Lo que el viernes era un mar de flores frente al Palacio Real de Oslo para honrar la memoria del rey Harald V de Noruega, fallecido esa misma mañana, se había convertido ayer sábado en un verdadero océano. Desde primera hora de la mañana, miles de noruegos recorrieron las calles del centro de la capital con ramos en las manos para despedir al rey Harald V, en una procesión espontánea que no se detuvo en todo el día.
Desde lo alto del Palacio, la imagen impresionaba. Olas de personas subían y bajaban por la plaza, ordenadas y en silencio, casi siempre con flores en las manos.
En tanto, el nuevo rey de Noruega, Haakon VIII, pronunció ayer un discurso por primera vez desde su llegada al trono, para rendir homenaje a su padre, el rey Harald, el monarca más longevo de Europa. “Estamos de luto, pero al mismo tiempo nos reconforta y nos da fuerza saber que hay tanta gente que comparte nuestro dolor”, dijo Haakon en un discurso retransmitido por televisión.

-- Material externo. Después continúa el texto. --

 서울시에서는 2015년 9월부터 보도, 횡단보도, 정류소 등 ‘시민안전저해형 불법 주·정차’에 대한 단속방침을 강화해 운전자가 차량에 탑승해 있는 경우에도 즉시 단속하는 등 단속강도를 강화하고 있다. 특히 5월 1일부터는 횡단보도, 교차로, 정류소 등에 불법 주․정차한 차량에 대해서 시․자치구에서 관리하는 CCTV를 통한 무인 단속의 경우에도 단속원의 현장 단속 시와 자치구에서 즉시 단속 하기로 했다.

El hijo de Harald, Haakon, de 53 años, lo sucede en un momento en que la monarquía noruega se ve debilitada por una serie de escándalos, varios de ellos en torno a la nueva reina, Mette-Marit.
El nuevo rey, quien al igual que su padre desempeñará funciones principalmente protocolarias, se presentó en Palacio junto a su hija de 22 años, Ingrid Alexandra, la nueva princesa heredera, para informar oficialmente al gobierno sobre el fallecimiento.
“Tomaré el nombre de Haakon VIII y perpetuaré el lema que mi padre, mi abuelo y mi bisabuelo eligieron: ‘Todo por Noruega’”, declaró.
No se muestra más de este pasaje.